## To do:
The task for the listing below is to write out exactly the lines starting at the one containing "sea to night" and ending at the one containing "A flat band", both included. Pictures are to be omitted.

## Task material:
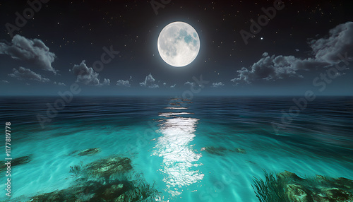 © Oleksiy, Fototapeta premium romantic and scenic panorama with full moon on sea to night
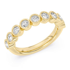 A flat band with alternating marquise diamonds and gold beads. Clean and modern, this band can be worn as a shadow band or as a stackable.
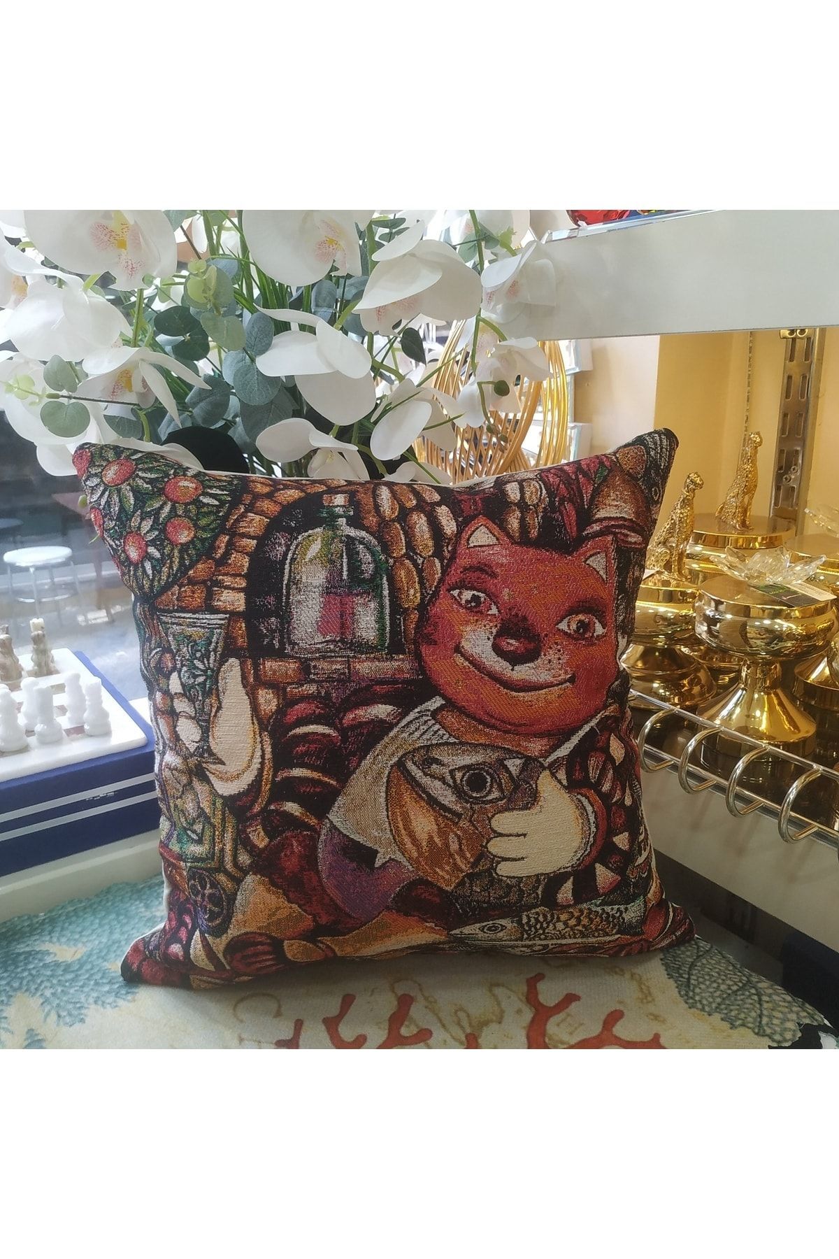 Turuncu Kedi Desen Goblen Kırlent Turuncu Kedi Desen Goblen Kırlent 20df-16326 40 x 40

* * *

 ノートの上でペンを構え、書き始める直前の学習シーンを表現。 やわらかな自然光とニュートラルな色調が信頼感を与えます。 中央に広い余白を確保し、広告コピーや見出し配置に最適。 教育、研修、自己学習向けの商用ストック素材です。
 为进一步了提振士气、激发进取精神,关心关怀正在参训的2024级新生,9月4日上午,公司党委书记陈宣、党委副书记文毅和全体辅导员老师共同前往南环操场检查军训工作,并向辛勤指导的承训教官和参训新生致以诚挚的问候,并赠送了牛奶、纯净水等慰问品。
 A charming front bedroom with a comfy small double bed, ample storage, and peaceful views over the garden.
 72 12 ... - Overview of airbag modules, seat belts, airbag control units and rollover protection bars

## Written response:
 © Oleksiy, Fototapeta premium romantic and scenic panorama with full moon on sea to night
 A flat band with alternating marquise diamonds and gold beads. Clean and modern, this band can be worn as a shadow band or as a stackable.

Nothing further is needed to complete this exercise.